By default this creates per-user files outside the repo:

- macOS config/data: `~/Library/Application Support/image-archive-search/`
- Linux data: `~/.local/share/image-archive-search/`
- Linux config: `~/.config/image-archive-search/config.yaml`
- Windows config/data: under `%APPDATA%` and `%LOCALAPPDATA%`

You can still force a repo-local config for development:

```bash
image-archive-search init --config-path config.yaml
```

### 4. Guided flow

```bash
image-archive-search run
```

This guided command:

- initializes the local archive if needed
- opens a terminal folder navigator
- lets you multi-select folders to index
- runs the full indexing pipeline
- optionally starts the local server

### 5. Index a folder directly

```bash
image-archive-search index /path/to/library
```

You can run `index` again on the same folder. Unchanged files are skipped automatically.

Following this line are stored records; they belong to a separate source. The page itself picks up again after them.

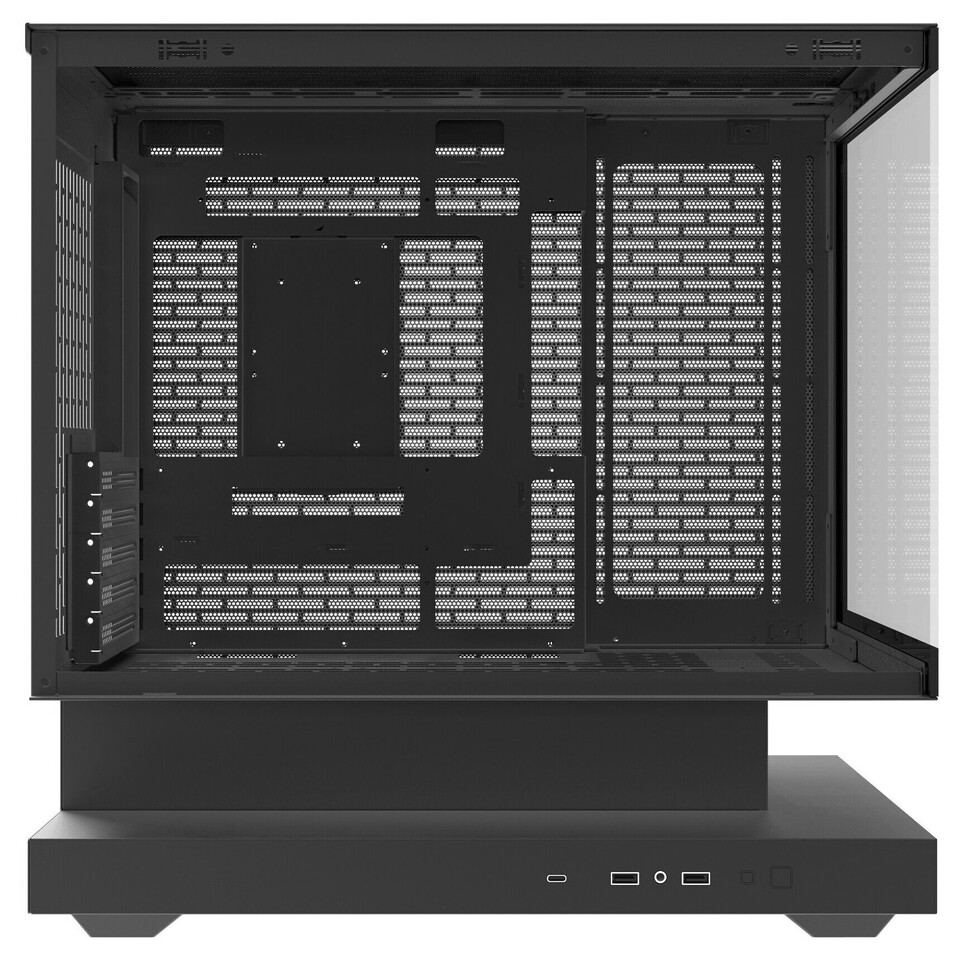 Ein weiteres Highlight ist das seitliche Klapp-Panel im Muschelschalen-Design, das ganz ohne Schrauben und Werkzeug geöffnet werden kann. Die schwebende Basis steigert nicht nur den Luftstrom rund um die Grafikkarte – laut Hersteller lassen sich die Temperaturen dadurch um 5–7 °C senken – sondern dient zugleich als Präsentationsfläche für individuelle Beleuchtung oder Dekoration.
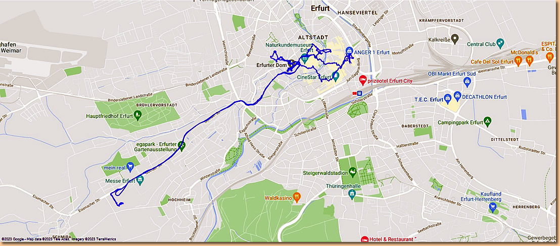 Zur Stadtbahn in die Innenstadt sind es nur ein paar Meter, die Fahrt dauert keine 15 Minuten und schon kann die Besichtigungstour losgehen. Über der Erfurter Altstadt erhebt sich die Zitadelle Petersberg, eine der grössten und einzig weitgehend erhaltenen barocken Stadtfestung Mitteleuropas. Sie ist sternförmig angelegt und für die damalige Zeit uneinnehmbar. Wir schaffen es, nehmen anstelle des Lifts die Stufen und stehen bald vielleicht auf dem damaligen Exerzierplatz und staunen über die seit 1990 rekonstruierten Gebäude. Nach einem Rundgang gehts wieder hinunter, unser nächstes Ziel ist der Dom St. Marien und die Kirche St. Severi, zusammen das Wahrzeichen von Erfurt. |
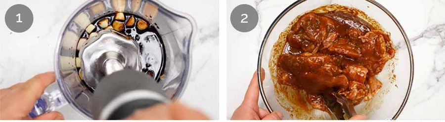 Blitz – Place Marinade ingredients EXCEPT oil in a jug just large enough to fit the head of a stick blender. Blitz until lemongrass and garlic is fully pureed. (No stick blender? Finely grate lemongrass and garlic, then mix)
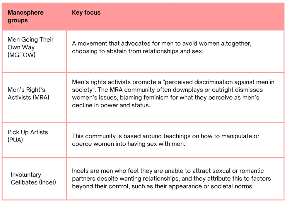 According to Educate Against Hate, individuals who are drawn to this type of content tend to fall into four predominant manosphere groups and often exhibit a poor sense of self alongside negative perceptions of others.

### 6. Serve the local app

```bash
image-archive-search serve
```

Then open:

- [http://127.0.0.1:8000](http://127.0.0.1:8000)

## CLI Commands

```bash
image-archive-search init
image-archive-search run
image-archive-search index /path/to/library
image-archive-search reindex
image-archive-search status
image-archive-search serve --host 127.0.0.1 --port 8000
image-archive-search reset
```

The legacy `image-archive` command remains available. New users should prefer `image-archive-search`.

## Example Workflow

```bash
python3 -m venv .venv
source .venv/bin/activate
pip install --upgrade pip
pip install -e ".[dev]"

image-archive-search run
```

## Publishing To PyPI

1. Pick a final package name on PyPI. The current package name is `image-archive-search`.
2. Build the wheel and source distribution:

```bash
python3 -m pip install --upgrade build twine
python3 -m build
```

3. Check the package:

```bash
python3 -m twine check dist/*
```

4. Publish to TestPyPI first:

```bash
python3 -m twine upload --repository testpypi dist/*
```

5. Test install from TestPyPI in a clean environment.

6. Publish to PyPI:

```bash
python3 -m twine upload dist/*
```

After publishing, users can run:

```bash
uvx --from image-archive-search image-archive-search run
```

## Configuration

The default config is created by `init` in the per-user app config directory. A sample is also provided as [`config.example.yaml`](/Users/sachin/Documents/image-indexer/config.example.yaml).

Key fields:

- `indexed_paths`
- `thumbnail_dir`
- `sqlite_path`
- `faiss_index_path`
- `embedding_model_name`
- `enrichment_backend`
- `enrichment_model`
- `enrichment_mode`
- `enrichment_version`
- `ollama_host`
- `device`
- `batch_size`
- `num_workers`

## Search Behavior

- Text search embeds the query with the local embedding model, retrieves nearest vectors from FAISS, and boosts results whose content type, tags, styles, objects, and short summaries match the query.
- Similar search uses the indexed asset embedding or a locally uploaded image.
- Exact self-matches are excluded from similar results by default.

## Limitations

- MVP v1 supports images only. Video is intentionally out of scope.
- CLIP zero-shot enrichment is fast but less nuanced than a larger VLM for OCR-heavy document analysis and detailed object reasoning.
- Index updates currently focus on new, changed, stale, or partially processed records. Automatic deletion handling for files removed from disk is minimal in v1.
- The first indexing run can be slow because local models are loaded and warmed up.
- The UI is intentionally minimal and optimized for usability over design polish.

## Future Roadmap

- Better reranking and search-time faceting
- Duplicate clustering
- Richer asset facets and saved collections
- Video, OCR, and extra metadata extractors
- Faster background indexing workers
- Model selection from the UI

## Repo Tree

```text
.
|-- backend/
|   `-- image_archive/
|-- frontend/
|-- models/
|-- scripts/
|-- tests/
|-- config.example.yaml
|-- pyproject.toml
`-- README.md
```

## Commands To Run Locally

```bash
image-archive-search init
image-archive-search run
image-archive-search serve
```

Or with the packaged command:

```bash
image-archive-search run
image-archive-search serve
image-archive-search reset
```

## Known Limitations

- Removed files are not fully garbage-collected from search results in every case yet.
- Embeddings and CLIP zero-shot enrichment depend on local model downloads.
- Very large archives may benefit from future background jobs and sharded indexing.